A pair of electrodes are arranged on the claw-shaped portion of the lock portion A, and function as an open / close detection unit 120. That is, when the opening / closing mechanism 110 is closed, the electrodes are in contact with each other and conduct to be detected as a closed state, and when the opening / closing mechanism 110 is opened, the electrodes are not in contact with each other and are not conductive, so that the state is detected as an open state. There is.

The measuring unit 130 is arranged near the protrusion that closes the elastic tube 320, and the transmitting unit 140 is arranged near the measuring unit 130. The position of the transmission unit 140 is not limited to the vicinity of the measurement unit 130. The operating power supply of the tube clip 100 may be supplied by wire from the recording device 200 or a commercial power source, or a battery or the like may be built in the tube clip 100.

Next, the operation of the culture recording system of the present embodiment will be described. First, the operation of the open / close detection unit 120 and the measurement unit 130 of the tube clip 100 will be described with reference to the flowchart of FIG. As an initial state, it is assumed that the opening / closing mechanism 110 of the tube clip 100 is in the closed state and the elastic tube 320 is closed.

While the open / close detection unit 120 detects the closed state of the open / close mechanism 110, the measurement unit 130 is in the standby state (S101).
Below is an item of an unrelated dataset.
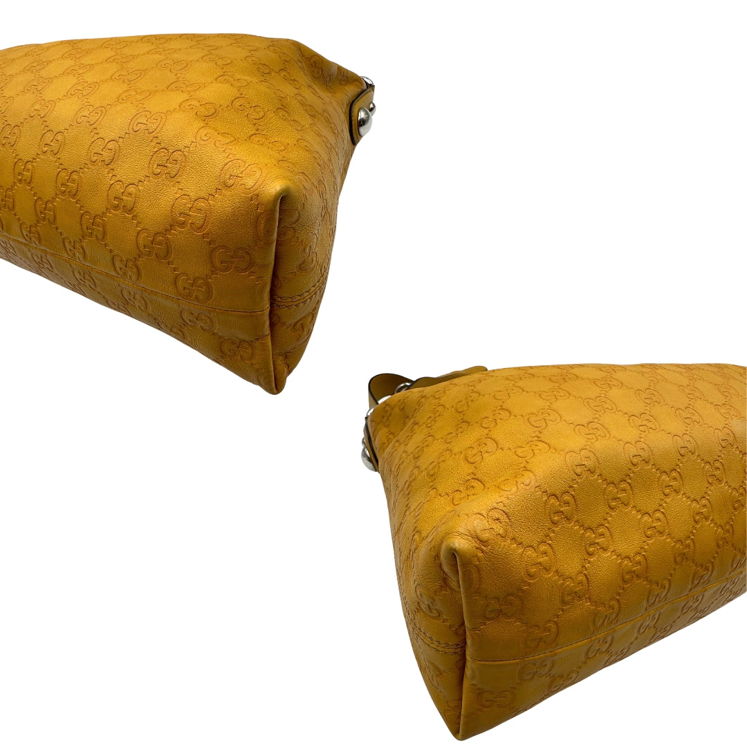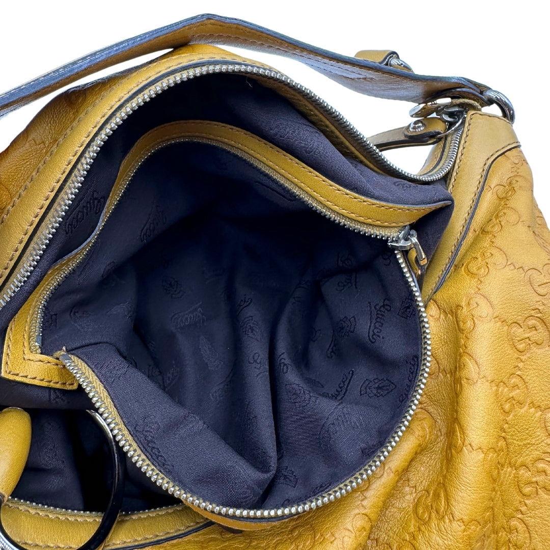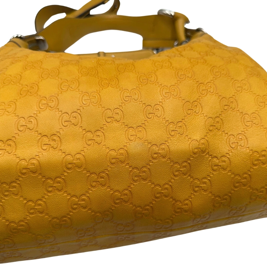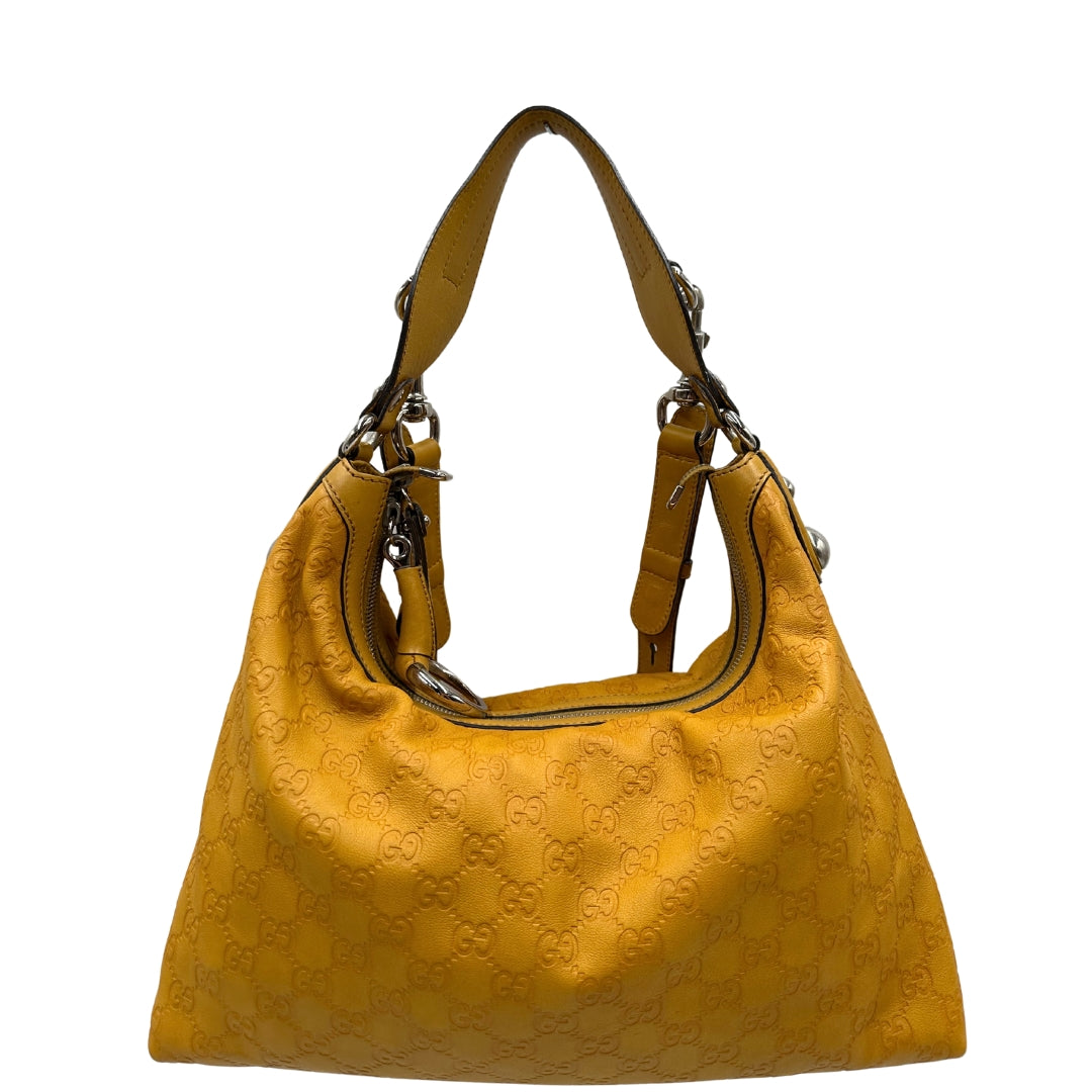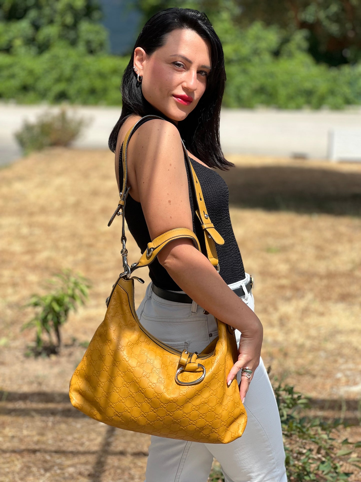 Descrizione: Borsa Hobo Gucci in pelle giallo senape con trama GG e parti metalliche argentate.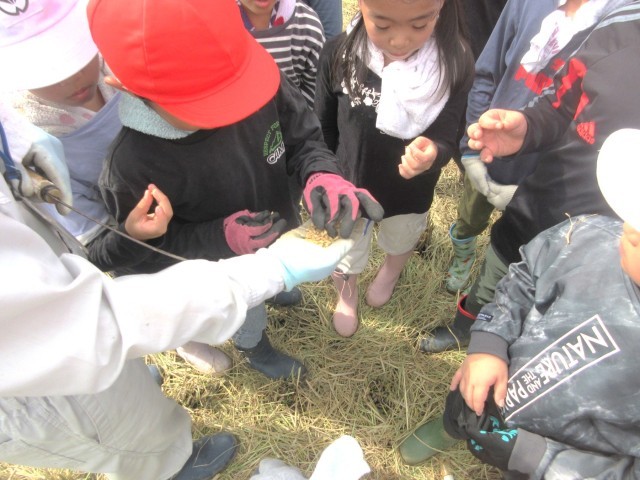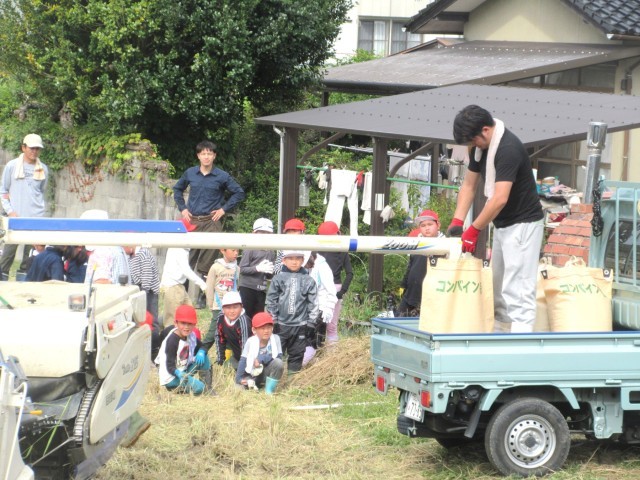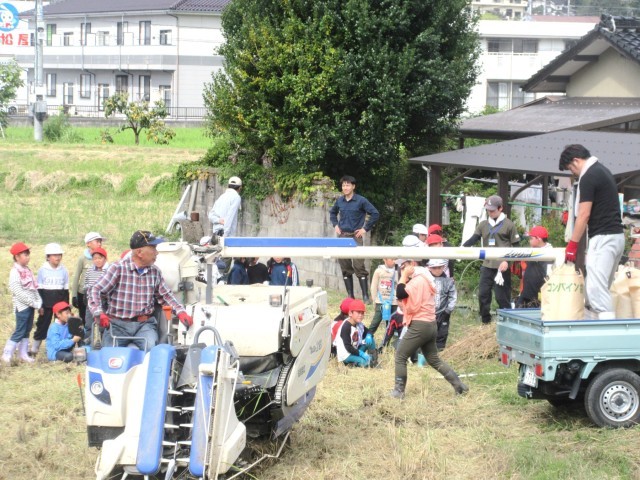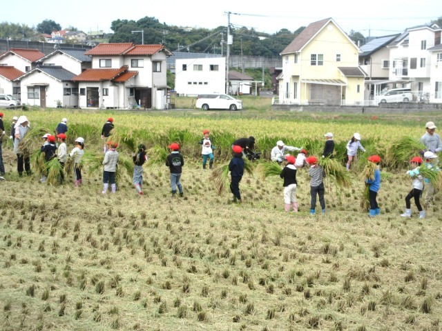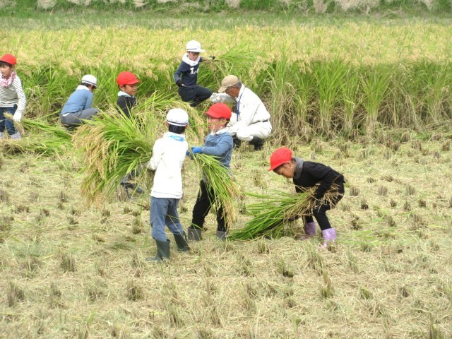 10/8(水)2年生が1学期の田植え体験に引き続き、いつもお世話になっている志戸部の寺阪さんの田んぼでお米の収穫(稲刈り)体験を行いました。子どもたちは寺阪様のお話や、JA職員の方の説明を聴いた後、鎌を使って稲を刈る作業に入っていきました。思いの外、子どもたちは上手に鎌を扱い稲を順調に刈ることができていました。普段なかなか経験することのできないことをやっている彼らの目は生き生きとしており、とても良い表情をしています。やはり「本物の体験に勝る学習はないなあ」と改めた感じた時間でした。2年生はその後、籾すりの様子も見せていただき、満足そうな顔で学校に戻ってきました。寺阪様、今回も貴重な体験をさせていただき誠にありがとうございました。

When the operator opens the tube clip 100 and the open / close detection unit 120 detects the open state of the open / close mechanism 110 (S102: Yes), the measurement unit 130 is activated and measures the flow state of the culture solution 310 in the elastic tube 320. (S103).

As described above, the flow state to be measured can be the presence or absence of flow. The direction of flow may be further measured, or the flow rate may be further measured. When measuring the presence or absence of flow, the measurement result is either yes or no. When measuring up to the direction of flow, the measurement result is either 0 / inflow / delivery. In the following, the inflow direction is the + direction and the transmission direction is the-direction. When measuring up to the flow rate, the measurement result is 0 or a positive or negative value.
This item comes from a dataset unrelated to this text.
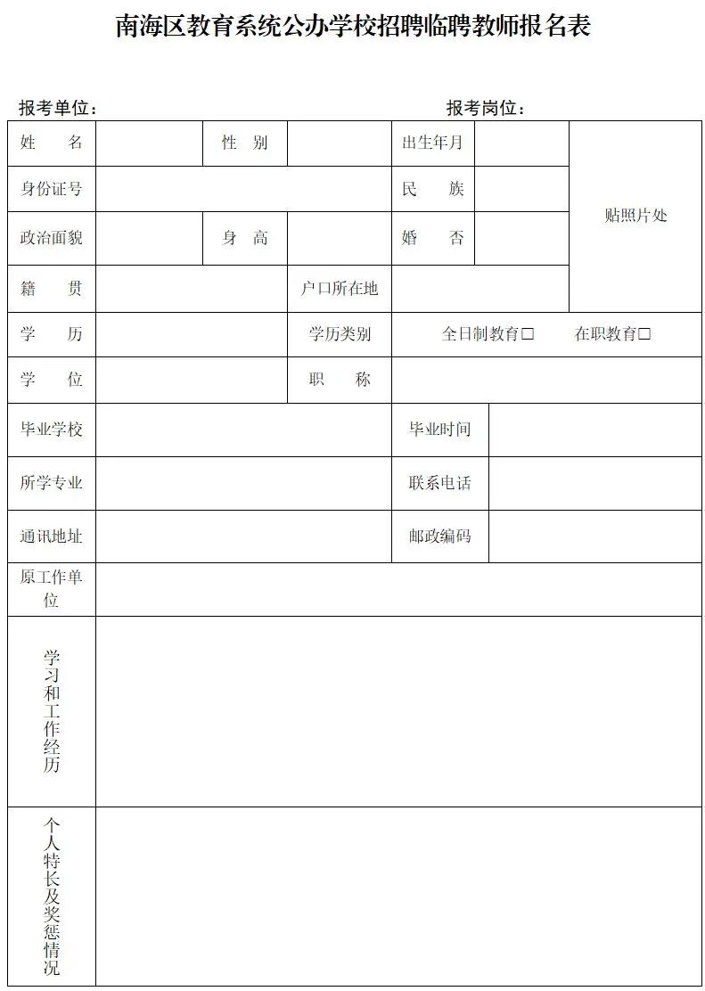 (或把个人简历及《南海区教育系统公办学校招聘临聘教师报名表》(附件1)投递到邮箱289758573@qq.com,投递成功者视同报名)

The measurement of the flow state by the measuring unit 130 is repeated until the operator closes the tube clip 100 and the open / close detection unit 120 detects the closed state of the open / close mechanism 110. The timing of repeating the measurement can be, for example, a fixed cycle of every second. When the open / close detection unit 120 detects the closed state of the open / close mechanism 110 (S104: Yes), the measurement unit 130 is put into the standby state again (S101).

Next, the operation of the transmission unit 140 of the tube clip 100 will be described. The transmission unit 140 outputs a signal based on the measurement result of the measurement unit 130 to the recording device 200, and some methods can be adopted for the output timing. For example, each measurement by the measuring unit 130 can be output in real time. The operation of the transmission unit 140 in this case will be described with reference to the flowchart of FIG.

The transmission unit 140 is also in a standby state while the open / close detection unit 120 detects the closed state of the open / close mechanism 110 (S201). Then, when the open / close detection unit 120 detects the open state of the open / close mechanism 110 (S202: Yes), the transmission unit 140 is activated and the measurement result is acquired from the measurement unit 130 (S203).

The acquired measurement results are sequentially output to the recording device 200 (S204). Information on the measurement time should be included in the measurement results. Further, the identification ID of the measuring unit 130 may be included. Thereby, in the culture recording system including the plurality of tube clips 100, it is possible to identify which elastic tube 320 was used for the operation.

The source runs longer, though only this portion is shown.